C. Plaintiff Has No Right of Rescission
In addition, many of Defendant's claims hinge on a purported right of rescission — which he alleges was exercised prior to foreclosure and which he alleges the Defendant did not honor. Because this was a residential mortgage transaction, however, April Thomas did not have a right of rescission. 15 U.S.C. § 1635(e); 12 C.F.R. 226(f)(1). Although Plaintiff alleges that the Defendant should have provided a refinance rather than a purchase money loan, even a refinance is a residential mortgage transaction, so that Plaintiff would not have a right of rescission even if this had been a refinance. See Brunat v. Indymac Federal Bank, 2010 WL 2197545 *5 (D. Ariz. May 26, 2010). And again, given the fact that any right of rescission would have belonged to April Thomas, Mr. Thomas is not the proper party to make any such allegations.
III. Conclusion
Accordingly,
IT IS HEREBY ORDERED, granting Defendant's motion for summary judgment. (Doc. 36)

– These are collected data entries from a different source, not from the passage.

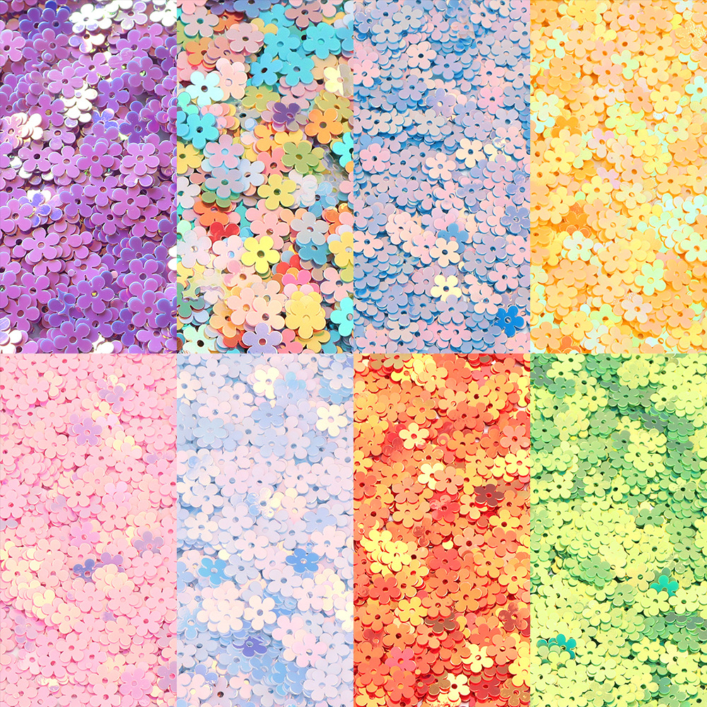 paillettes en plastique, plastique PVC, fleur, DIY, plus de couleurs à choisir, 6.8mm, Trou:Environ 1.3mm, Environ 30sol/sac, Vendu par sac
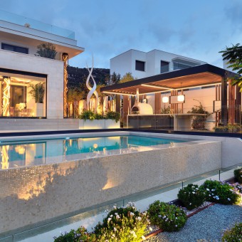 PRODUCTION / REALIZATION TECHNOLOGY: Domotics and integrated audio were used for home automation. There was a fabricated look a like stone, known as the philosophers stone, put in a strategical corner of the garden for the owner to open this stone and the garden to automatically lit up.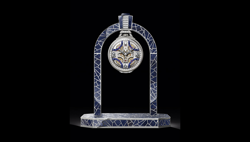 「アルティメイト・クアドリ・トゥービヨン・バイ・ハリー・ウィンストン」は、NY5 番街にあるハリー・ウィンストン本店のエントランスを飾るネオクラシックの建築様式が採用されたアーチを模したスタンドからタイムピースが吊るされており、その姿はまで宙に浮いたかのようだ。18Kホワイトゴールドのアーチには、ブルーの魅惑的な輝きを放つアベンチュリンのマルケトリと、18個のバゲットカット・ダイヤモンドが配されている。またスタンド頂点のアベンチュリンを配したプッシュボタンを押すとタイムピースがアーチから外れ、付属の18Kホワイトゴールドのチェーンとともにポケットウォッチとして使用できる。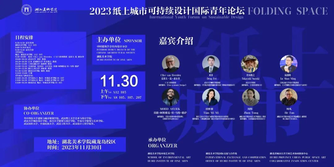 本次2023纸上城市可持续设计国际青年论坛于11月30日在湖北美术公司举办。谈球吧体育官网入口作为协办单位,谈球吧常务副经理叶砚蒇带领环境设计系青年教师参加。论坛主要围绕克莱夫、邓非、铃木隆之、陆邵明、莫德、田密蜜、周彤(以发言顺序排序)等学者对于城市可持续发展论述的主题观点展开,不止于设计表现形式层面的展露,更是藉此对设计思辨展开新一轮反思性学术研讨,关注与思考社会问题与设计动态的结合。
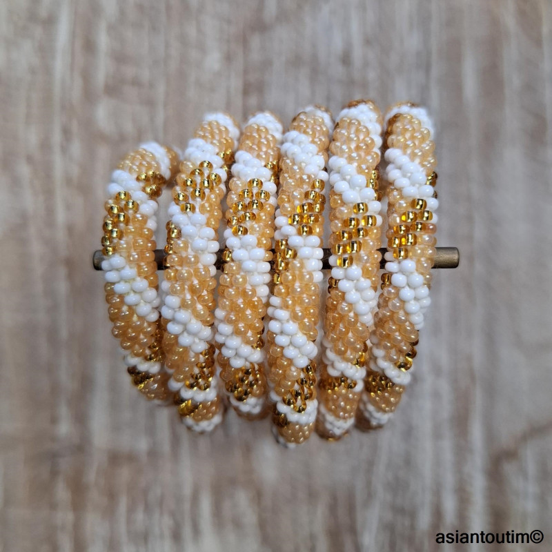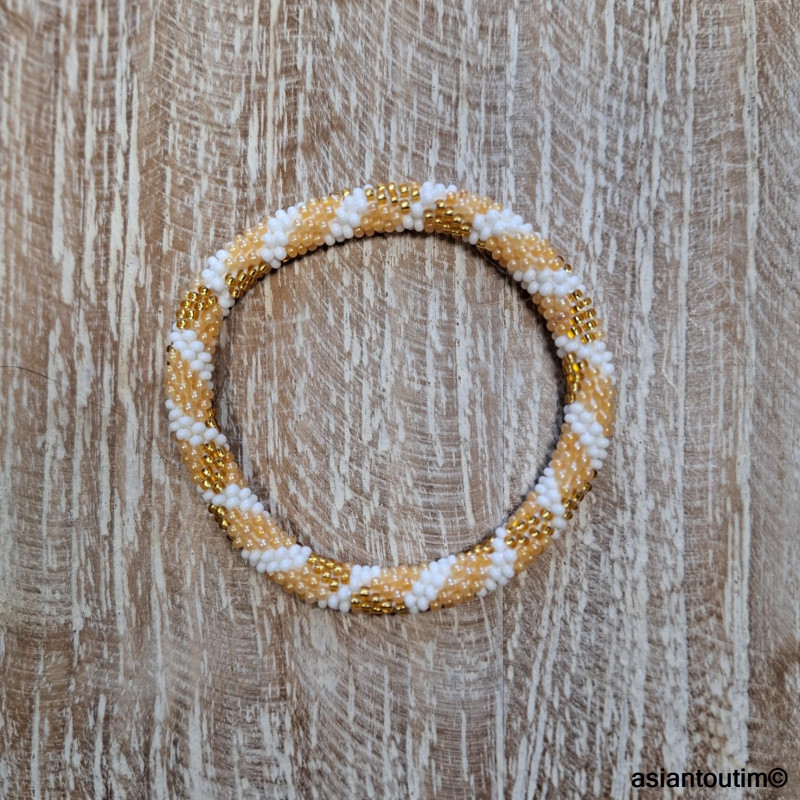 ✨ Bracelet artisanal népalais roll-on, crocheté à la main avec un fil de coton légèrement élastique et des perles de verre dorées.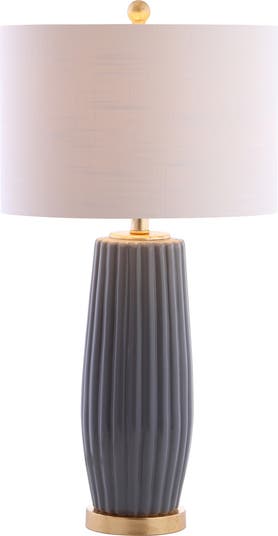 Add the finishing touch to any room in your home with this lovely fluted ceramic table lamp. Atop a brushed brass base, a solid coating of gray glaze gives this ribbed shape a high-gloss finish. Topped with a linen hardback drum shade and paired with brass fittings, the style extends all the way to the plus with a silk-wrapped cord.

IT IS FURTHER ORDERED, denying Plaintiff's Motion for Sanctions, Motion for Attorneys' Fees, Motion for Summary Judgment, Motion to Change the Caption as moot. (Docs. 76, 81, 83) IT IS FURTHER ORDERED, denying Plaintiff's motion for Hearing or Conference (Doc. 79) as moot.
IT IS FURTHER ORDERED directing the Clerk to enter judgment accordingly.
DATED this 21st day of February, 2011.